This is an old version, view current version.

## 14.4 Negative-Binomial-2-Log Generalized Linear Model (Negative Binomial Regression)

Stan also supplies a single function for a generalized linear model with negative binomial likelihood and log link function, i.e. a function for a negative binomial regression. This provides a more efficient implementation of negative binomial regression than a manually written regression in terms of a negative binomial likelihood and matrix multiplication.

### 14.4.1 Probability Mass Function

If $$x\in \mathbb{R}^{n\cdot m}, \alpha \in \mathbb{R}^n, \beta\in \mathbb{R}^m, \phi\in \mathbb{R}^+$$, then for $$y \in \mathbb{N}^n$$, $\text{NegBinomial2LogGLM}(y~|~x, \alpha, \beta, \phi) = \prod_{1\leq i \leq n}\text{NegBinomial2}(y_i~|~\exp(\alpha_i + x_i\cdot \beta), \phi).$

### 14.4.2 Sampling Statement

y ~ neg_binomial_2_log_glm(x, alpha, beta, phi)

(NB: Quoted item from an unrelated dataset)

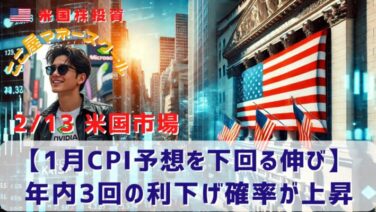 市場分析 【1月CPI予想を下回る伸び】年内3回の利下げ確率が上昇 昨日の米国市場はわずかに上昇しました。1月の消費者物価指数が発表されましたが、予想を下ブレる伸びで利下げ観測が高まりました。もう何が発表されても上げることはなくなってしまった米国株ですが、上昇の起爆剤は何が残っていますかね?それでは昨日の米... 2026.02.14 市場分析

Increment target log probability density with neg_binomial_2_log_glm_lpmf(y | x, alpha, beta, phi) dropping constant additive terms.

### 14.4.3 Stan Functions

real neg_binomial_2_log_glm_lpmf(int y | matrix x, real alpha, vector beta, real phi)
The log negative binomial probability mass of y given log-location alpha + x * beta and inverse overdispersion parameter phi, where the same intercept alpha, inverse overdispersion parameter phi and dependant variable y are used for all observations. The number of columns of x needs to match the size of the coefficient vector beta. If x and y are data (not parameters) this function can be executed on a GPU.

real neg_binomial_2_log_glm_lpmf(int y | matrix x, vector alpha, vector beta, real phi)
The log negative binomial probability mass of y given log-location alpha + x * beta and inverse overdispersion parameter phi, where the same inverse overdispersion parameter phi and independent variable value y are used for all observations. Intercept alpha is used that is allowed to vary by observation. The number of rows of x must match the size of alpha and the number of columns of x needs to match the size of the coefficient vector beta. If x and y are data (not parameters) this function can be executed on a GPU.

real neg_binomial_2_log_glm_lpmf(int[] y | row_vector x, real alpha, vector beta, real phi)
The log negative binomial probability mass of y given log-location alpha + x * beta and inverse overdispersion parameter phi, where the same intercept alpha, inverse overdispersion parameter phi and independent variable values x are used for all observations. The number of columns of x needs to match the size of the coefficient vector beta.

real neg_binomial_2_log_glm_lpmf(int[] y | row_vector x, vector alpha, vector beta, real phi)
The log negative binomial probability mass of y given log-location alpha + x * beta and inverse overdispersion parameter phi, where the same inverse overdispersion parameter phi and independent variable values x are used for all observations. Intercept alpha is used that is allowed to vary by observation. The size of y must match the size of alpha and the number of columns of x needs to match the size of the coefficient vector beta.

real neg_binomial_2_log_glm_lpmf(int[] y | matrix x, real alpha, vector beta, real phi)
The log negative binomial probability mass of y given log-location alpha + x * beta and inverse overdispersion parameter phi, where the same intercept alpha and inverse overdispersion parameter phi is used for all observations. The number of rows of the independent variable matrix x needs to match the size of the dependent variable vector y and the number of columns of x needs to match the size of the coefficient vector beta. If x and y are data (not parameters) this function can be executed on a GPU.

real neg_binomial_2_log_glm_lpmf(int[] y | matrix x, vector alpha, vector beta, real phi)
The log negative binomial probability mass of y given log-location alpha + x * beta and inverse overdispersion parameter phi, where the same inverse overdispersion parameter phi is used for all observations and an intercept alpha is used that is allowed to vary by observation. The number of rows of the independent variable matrix x needs to match the size of the dependent variable vector y and alpha and the number of columns of x needs to match the size of the coefficient vector beta. If x and y are data (not parameters) this function can be executed on a GPU.